[Data below — start]

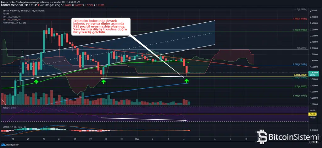 Bu desteği kaybetmesinin ardından gelen hem Ichimoku bulutunun alt bandı hem de fibonacci düzeltmesindeki önemli bölge olan 1.51 – 1.55 dolar aralığından destek aldığı görülüyor. Bu bölgeyi daha önce üç defa denediği görülen MATIC, eğer yeni bir düşüş dalgası gelirse bu desteği kırabilir. Bu kırılımda MA200 seviyesi olan 1.44 doların fiyat için önemli bir destek rolü oynaması bekleniyor.
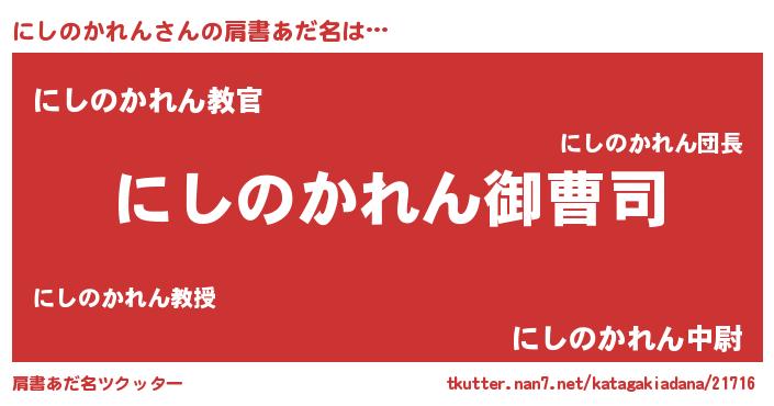 | 胡散臭い通販商品みたいなあだ名 | 『モテモテ間違いなし霊験あらたかなお札…その名も「にしのかれん」』 |
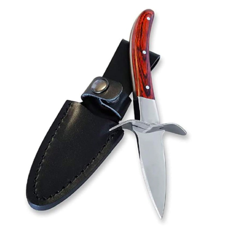 coltello per ostriche con lama in acciaio inox e custodia in pelle.

[Data below — finish]

## Work to complete
Quote everything in the listing above exactly; pictures are the only thing to omit.

## Result of the exercise
 Bu desteği kaybetmesinin ardından gelen hem Ichimoku bulutunun alt bandı hem de fibonacci düzeltmesindeki önemli bölge olan 1.51 – 1.55 dolar aralığından destek aldığı görülüyor. Bu bölgeyi daha önce üç defa denediği görülen MATIC, eğer yeni bir düşüş dalgası gelirse bu desteği kırabilir. Bu kırılımda MA200 seviyesi olan 1.44 doların fiyat için önemli bir destek rolü oynaması bekleniyor.
 | 胡散臭い通販商品みたいなあだ名 | 『モテモテ間違いなし霊験あらたかなお札…その名も「にしのかれん」』 |
 coltello per ostriche con lama in acciaio inox e custodia in pelle.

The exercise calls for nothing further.